I think there is a lot to be said for this idea, and I want to look at it more closely in writing about community. Perhaps that’s enough to be going on with. Trust, respect, care, rights, justice — these are each heady terms, each with a long reach, and if they do all sit together inside the idea of community then there is a lot to talk about.
As I’ve said, I’m not in this book particularly drawing on the discipline of sociology — while not unreasonably dismissing it either — simply reflecting more on our ordinary, common experience. Having said that, we will take good insights from wherever they present themselves, even from sociology texts. So in 1987 M. Scott Peck wrote:
‘If we are going to use the word “community” meaningfully we must restrict it to a group of individuals who have learned how to communicate honestly with each other, whose relationships go deeper than their masks of composure, and who have developed some sufficient commitment to rejoice together, mourn together, and to delight in each other, make others’ conditions our own.[5]‘
That is a description of just what we are discussing, in our stories, and said rather beautifully. There are other thoughts of a similar kind that could no doubt be added, but certainly these are some of the relationship words that sit at the centre of the wide fabric of care, as it makes community.
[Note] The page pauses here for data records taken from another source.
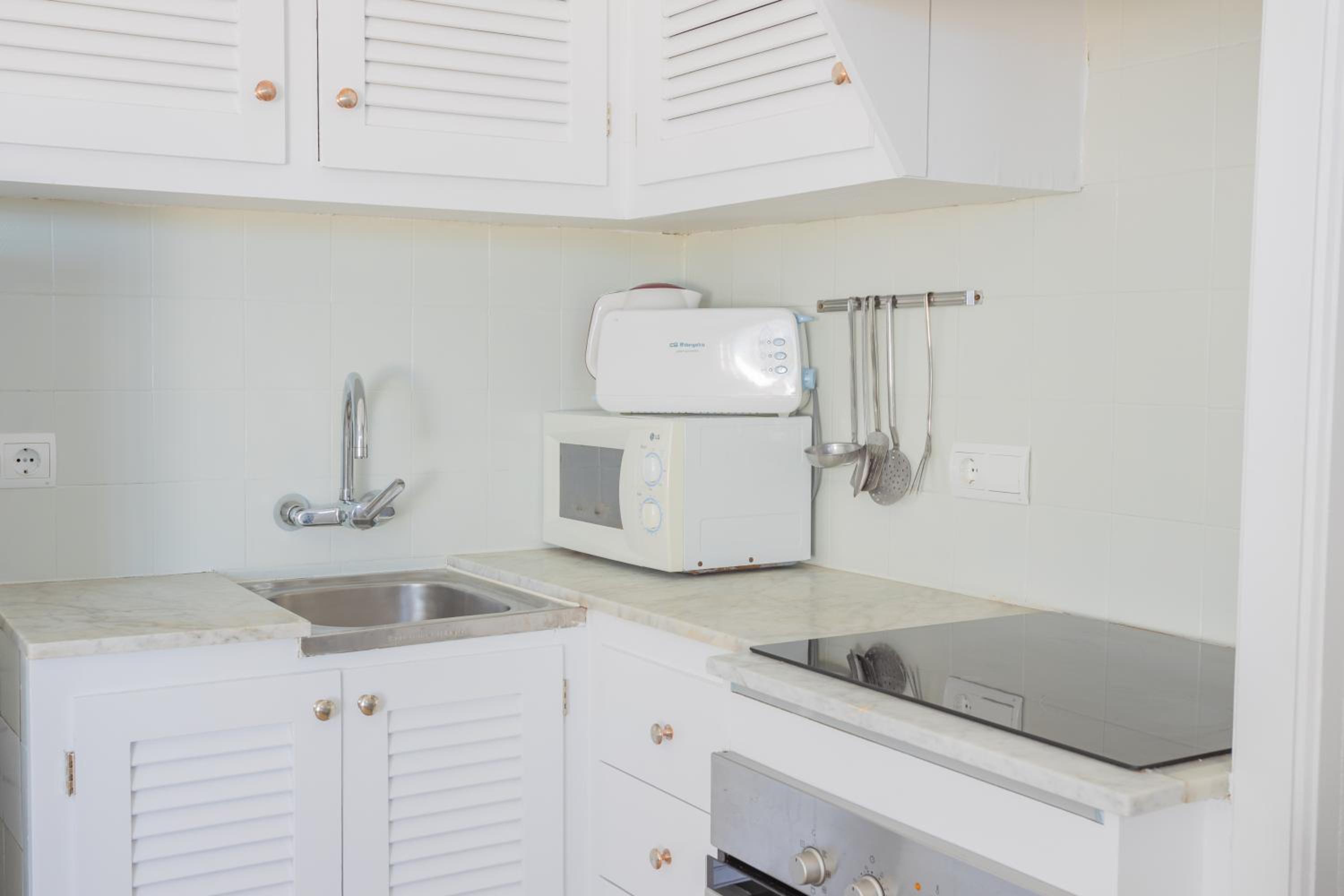 Apartma v katerem smo bili nastanjeni, bi potreboval samo malo obnove in malenkostnih popravil. V kuhinji imaš sicer vse pripomočke, vendar bi za lažje kuhanje potrebovali večji pult.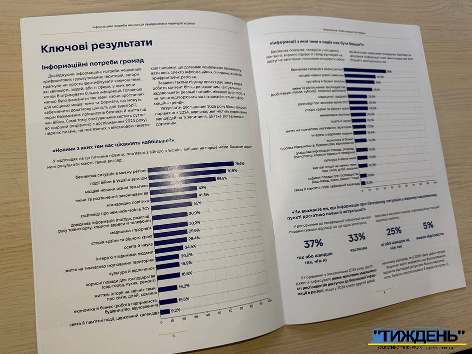 Коли людей запитали, які новини їх цікавлять найбільше, відповідь була однозначною. Майже 79% респондентів назвали безпекову ситуацію у власному регіоні найважливішою темою. Ще 71% цікавляться подіями війни в Україні загалом. Місцеві новини різної тематики цікавлять 60% опитаних.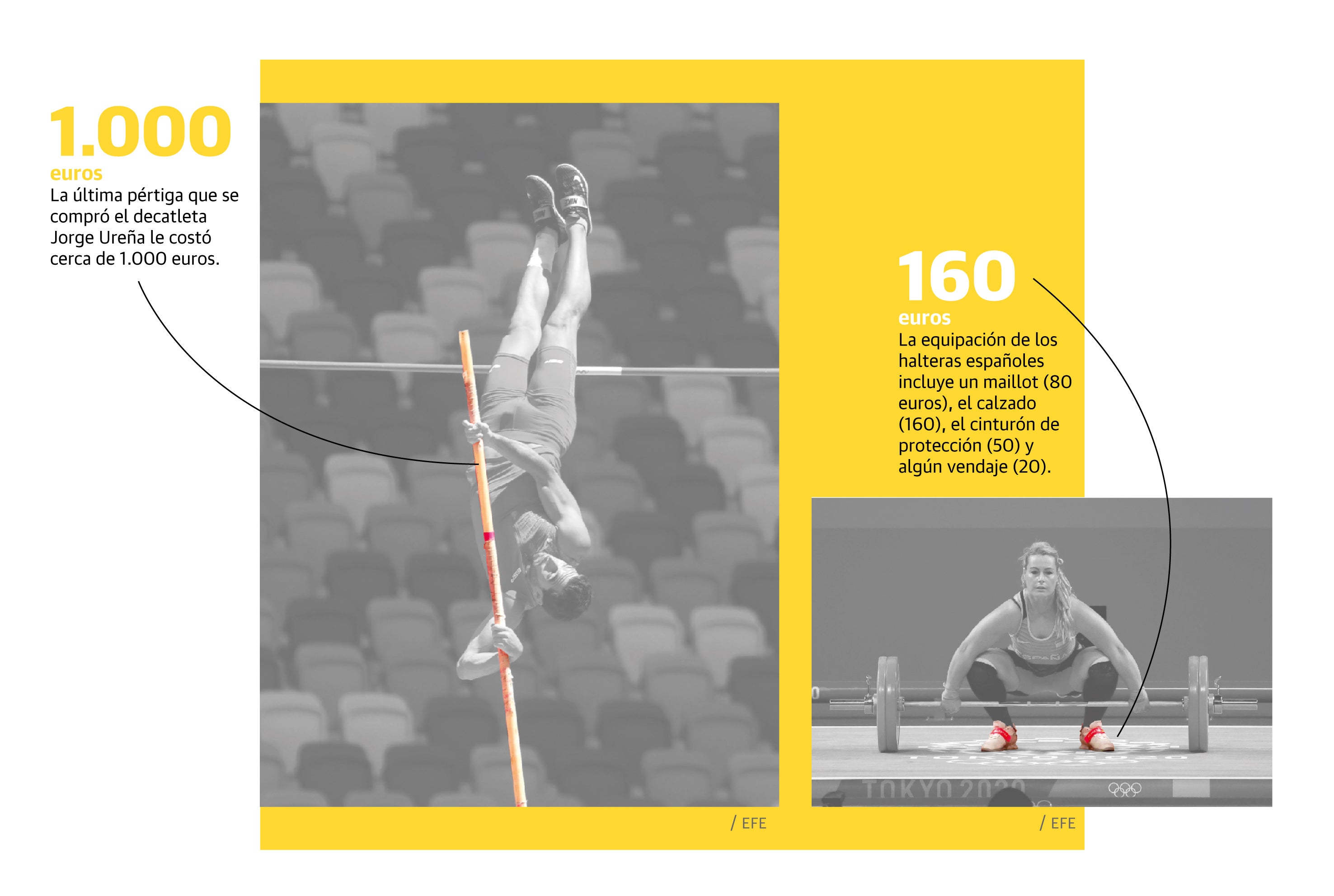 Otro ejemplo es el de Jorge Ureña, el decatleta que ha sido noveno en Tokio y que viaja con un tubo de cinco metros con seis pértigas. Eso no es por si se rompen, sino que cada una, según su rigidez, sirve para una altura. La última que compró le salió por unos 1.000 euros. La equipación corre a cuenta de la federación, pero las zapatillas de clavos, «depende de si pillas alguna oferta», van de los 80 a los 120 euros. Lleva al menos «siete u ocho contando el calentamiento». Y a los Juegos solo lleva las pértigas porque por norma es la organización en este caso la que pone el material con el que compiten los deportistas en el resto de las diferentes pruebas atléticas, como la jabalina, el martillo o la bola de lanzamiento de peso.

Here is one way to think about it; a thought experiment, if you like. Imagine, to begin with, a pristine, natural place, on a coast, let us say, looking out to the horizon. Like many, even most, of these places, here too it is being opened to development. Land titles are created, land is sold, and houses begin to appear. Most of the buyers and occupants have come for the position of the place and its beautiful sea views. As houses begin to cover the ground, someone sets up a local store, although most of the shopping is still done in the nearest small town. More people come to stay.
So our question — my question to you, as we talk together — is this: at what point do we feel it natural to call these people, in this place, a community? And why? What is the ordinary life, the ordinary experience, which is here attaching meaning to the word?
The answer, I’m going to suggest, may be: when care appears. I’ll take up that challenge in the next chapter.
[1] Duneier, M, Slim’s table: race, respectability, and masculinity, The University of Chicago Press, Chicago, 1992.
[2] R Sennett, Together: the rituals, pleasures & politics of cooperation, Penguin Books, London, 2010.
[3] S Laugier, ‘Ordinary realism in ethics’, in F Vosman, A Baart, and J Hoffman, eds, The Ethics of Care: the state of the art, Peeters Publishers, Leuven, Belgium, 2021, pp 113-136.
[4] C Gilligan, In a different voice, Harvard University Press, Cambridge MA, 1982/1993.
[5] M S Peck, 1987, The different drum, Simon & Schuster, New York, 1987, p 59. Quoted in J Bruhn,The Sociology of Community Connections, Second edn, Springer Science & Business Media B.V., Dordrecht, The Netherlands, 2011, p 11.